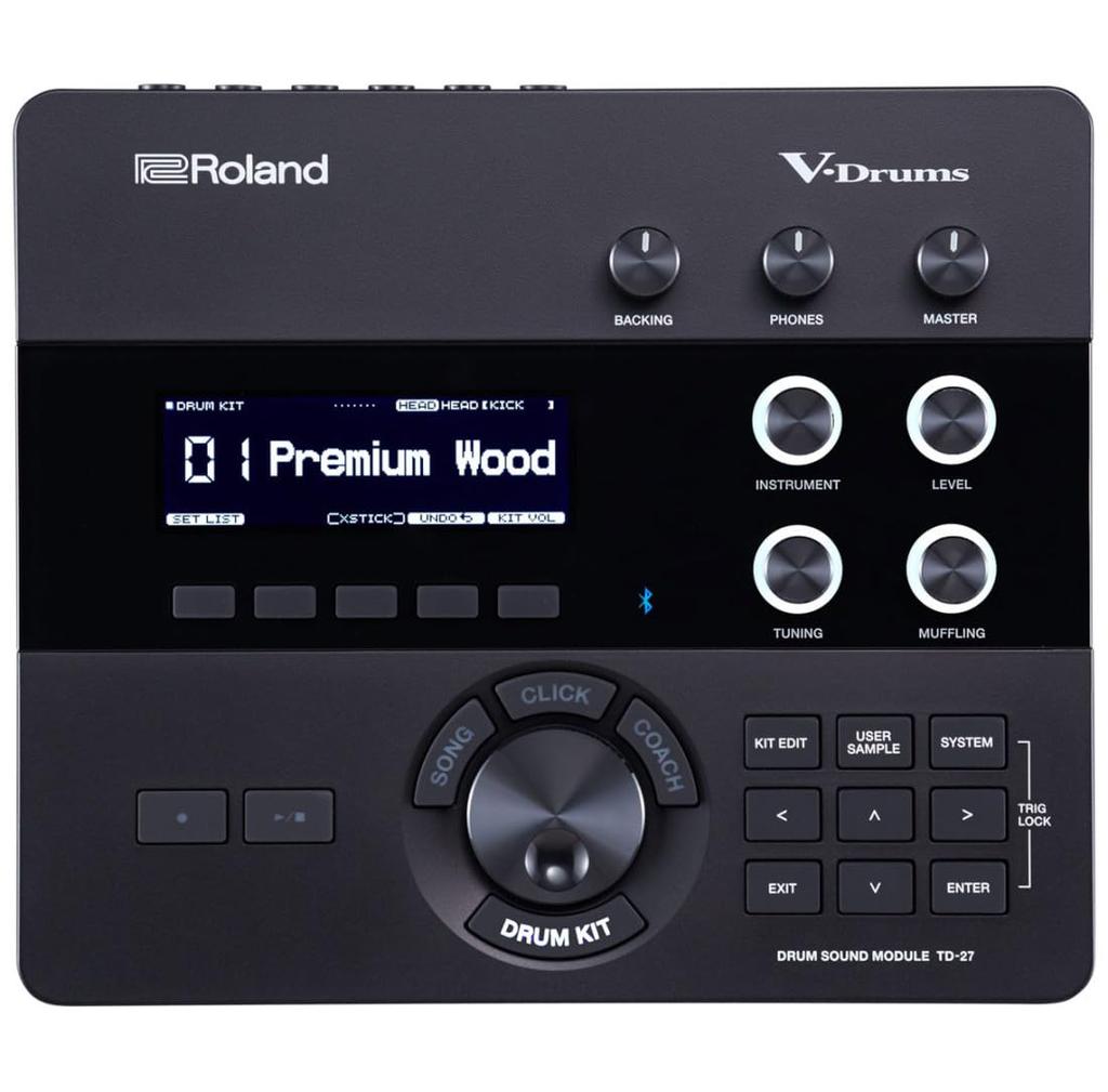 TD-27, источник звука для VAD506 и VAD503, оснащен 55 новыми пресетами, ориентированными на акустические комплекты.. Также включен широкий спектр электронных звуков классических инструментов Roland, необходимых для современных стилей.. TD-27 — это звуковой модуль, позволяющий создавать всевозможные выражения, например, импортировать собственные сэмплы и накладывать их на встроенные барабаны для создания звуков, которые больше никто не сможет воспроизвести.
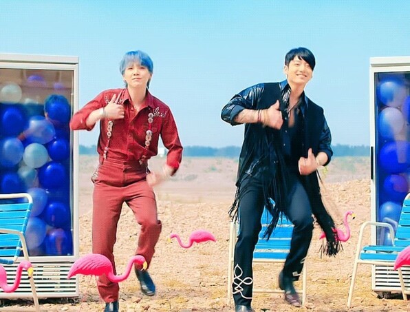 * ‘즐겁다’를 표현하는 슈가와 정국. 뮤직비디오 갈무리
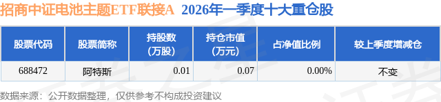 从基金规模来看,招商中证电池主题ETF联接A基金2026年一季度公布的基金规模为2.37亿元,较上一期规模3591.84万元变化了2.02亿元,环比变化了561.01%。该基金最新一期资产配置为:无股票类资产,债券占净值比2.01%,现金占净值比3.52%。从基金持仓来看,该基金当季前十大股票仓位达0.0%,第一大重仓股为阿特斯(688472),持仓占比为0.0%。
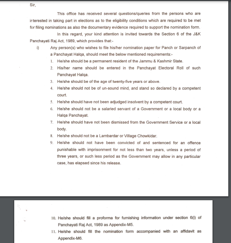 نیوز18 ہندی نے بھی اس حوالے سے ایک رپورٹ شائع کی ہے۔ جس میں بتایا گیا ہے کہ حکومت نے جموں و کشمیر میں دیگر لوازمات کے ساتھ ساتھ سرپنچ کے لیے تعلیمی قابلیت کو کم سے کم بارھیوں پاس قرار دیا گیا ہے۔
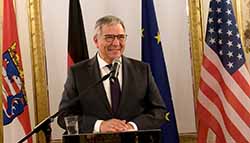 Auch Stadtverordnetenvorsteher Dr. Gerhard Obermayer unterstrich, dass 80 Jahre Hessen, 80 Jahre Leben in Frieden und Freiheit bedeutet, und dies ohne die Hilfe durch die amerikanische Militärregierung nicht möglich gewesen wäre. Sie habe „1945 die neuen Strukturen des Staates Groß-Hessen verfügt“, mit klarer Ansage, nämlich, dass sich die Menschen des Landes im freiheitlichen und demokratischen Geist eines künftigen Rechtsstaats in Würde, aber auch mit eigener Anstrengung ihr neues Leben aufbauen sollten, so Obermayr. „Diese Geburtsstunde, und aus heutiger Sicht wissen wir, diese gelungene Geburtsstunde haben wir unseren amerikanischen Freunden zu verdanken: dem damaligen Präsidenten aber eben auch den Befehlshabern vor Ort, allen voran General Newman. Die amerikanische Militärregierung hat Wiesbaden zur Hauptstadt bestimmt. Am 1. Oktober überbrachte der amerikanische Colonel James R. Newman mit der Lizenz für den Kurier zugleich auch die Nachricht, dass Wiesbaden Sitz der Landesregierung des neuen Bundeslandes sein werde. Dies war am 2. Oktober der Aufmacher der ersten Ausgabe der Zeitung. Am 12. Oktober 1945 wurde Wiesbaden als neue Hauptstadt offiziell proklamiert, so Obermayr.
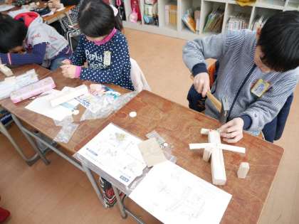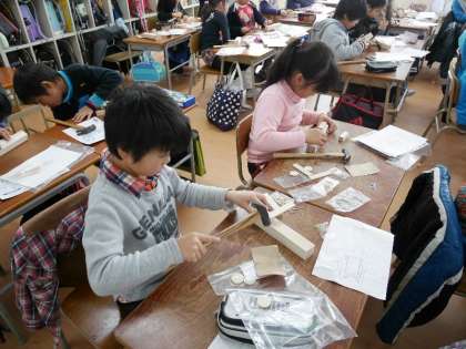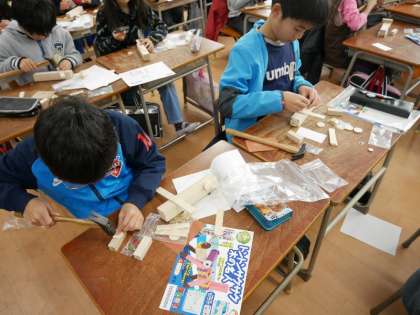 3年生が「トントンサクサク 木の名人」で作品をつくっています。木片をクギでとめていきます。なかなかまっすぐに打てずに、横からクギがとびだしたりと大変です。かなづちの後ろにはくぎ抜きもついているから、何回も打ち直してがんばってくださいよ。
################
■ What is required
Pictures are to be left out while the lines from the beginning of the records through the line with "نیوز18 ہندی نے" are copied word for word.

■ Exercise answer
 TD-27, источник звука для VAD506 и VAD503, оснащен 55 новыми пресетами, ориентированными на акустические комплекты.. Также включен широкий спектр электронных звуков классических инструментов Roland, необходимых для современных стилей.. TD-27 — это звуковой модуль, позволяющий создавать всевозможные выражения, например, импортировать собственные сэмплы и накладывать их на встроенные барабаны для создания звуков, которые больше никто не сможет воспроизвести.
 * ‘즐겁다’를 표현하는 슈가와 정국. 뮤직비디오 갈무리
 从基金规模来看,招商中证电池主题ETF联接A基金2026年一季度公布的基金规模为2.37亿元,较上一期规模3591.84万元变化了2.02亿元,环比变化了561.01%。该基金最新一期资产配置为:无股票类资产,债券占净值比2.01%,现金占净值比3.52%。从基金持仓来看,该基金当季前十大股票仓位达0.0%,第一大重仓股为阿特斯(688472),持仓占比为0.0%。
 نیوز18 ہندی نے بھی اس حوالے سے ایک رپورٹ شائع کی ہے۔ جس میں بتایا گیا ہے کہ حکومت نے جموں و کشمیر میں دیگر لوازمات کے ساتھ ساتھ سرپنچ کے لیے تعلیمی قابلیت کو کم سے کم بارھیوں پاس قرار دیا گیا ہے۔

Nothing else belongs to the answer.